Se limpió, empapó y lavó químicamente un haz de tubos de PTFE sucio. Se detiene la circulación y se drena la solución limpiadora. ¿Pero está realmente limpio el paquete? ¿Se ha restablecido su rendimiento térmico o todavía hay una fina capa aislante de biopelícula o incrustaciones adheridas a las paredes interiores ocultas? Antes de que el paquete vuelva a ponerse en servicio, una verificación simple-de dos partes puede proporcionar una prueba objetiva y documentada de limpieza.

Inspección por boroscopio: verificación visual

El primer paso para verificar la limpieza posterior-a la limpieza es una inspección con boroscopio. Se inserta un endoscopio flexible en varios tubos y se examinan visualmente las paredes internas. Un tubo limpio es una carretera abierta, blanca y brillante tanto para el fluido como para la luz del visor. Cualquier incrustación oscura residual, biopelícula o residuo químico indica que es posible que se requiera una limpieza adicional. El boroscopio también proporciona un registro de imagen digital permanente para el registro de mantenimiento, que sirve como prueba visual de la limpieza.

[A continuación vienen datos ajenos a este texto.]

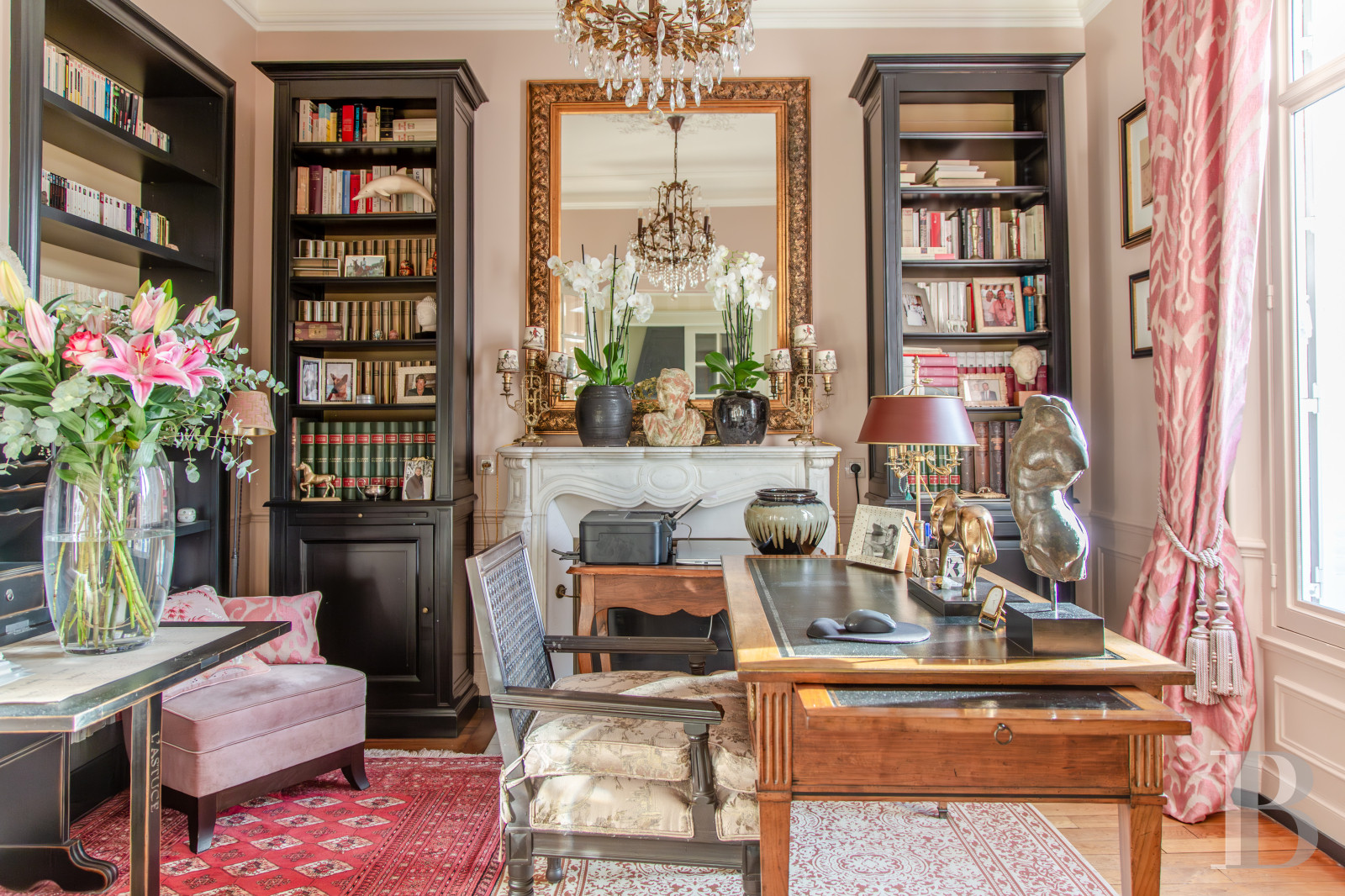 In addition, all these rooms feature narrow, straight-plank oak parquet floors, marble fireplaces, as well as wainscoting and crown moulding.
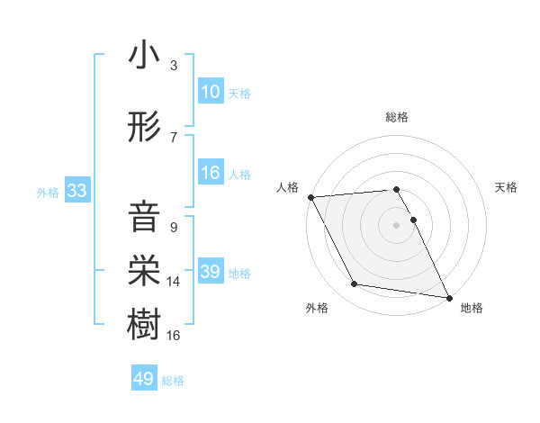 小形 音栄樹さんを姓名の画数から五運を鑑定

Comparación de caída de presión: verificación hidráulica

El segundo paso es una verificación cuantitativa mediante una medición de la caída de presión. El agua limpia circula a un caudal estándar conocido, replicando las condiciones utilizadas cuando el paquete se puso en funcionamiento por primera vez. La caída de presión del lado del tubo- se mide y se compara directamente con la línea base original registrada cuando se sabía que el intercambiador estaba limpio. Si la caída de presión vuelve a estar dentro de un pequeño porcentaje de la línea base, la ruta hidráulica se restablece por completo. Esta medición, junto con la inspección por boroscopio, confirma que la limpieza fue exitosa.

Consideraciones técnicas

Condiciones consistentes:La prueba de caída de presión se debe realizar con el mismo caudal, fluido y temperatura que la medición inicial original.

Documentación:Tanto las imágenes del boroscopio como los datos de caída de presión deben registrarse en el registro de mantenimiento del intercambiador para su trazabilidad.

Doble-verificación:La evidencia visual e hidráulica proporciona pruebas definitivas, eliminando cualquier conjetura sobre la limpieza posterior-.

Conclusión

La verdadera limpieza posterior-a la limpieza no es una suposición; es un hecho probado y documentado. Una combinación de inspección con boroscopio y comparación de caída de presión validada devuelve el conjunto de intercambiador de PTFE a su rendimiento-como estaba construido. Una limpieza química exitosa restaura tanto el estado visible de los tubos como las características hidráulicas, asegurando que el intercambiador funcione con total eficiencia y confiabilidad.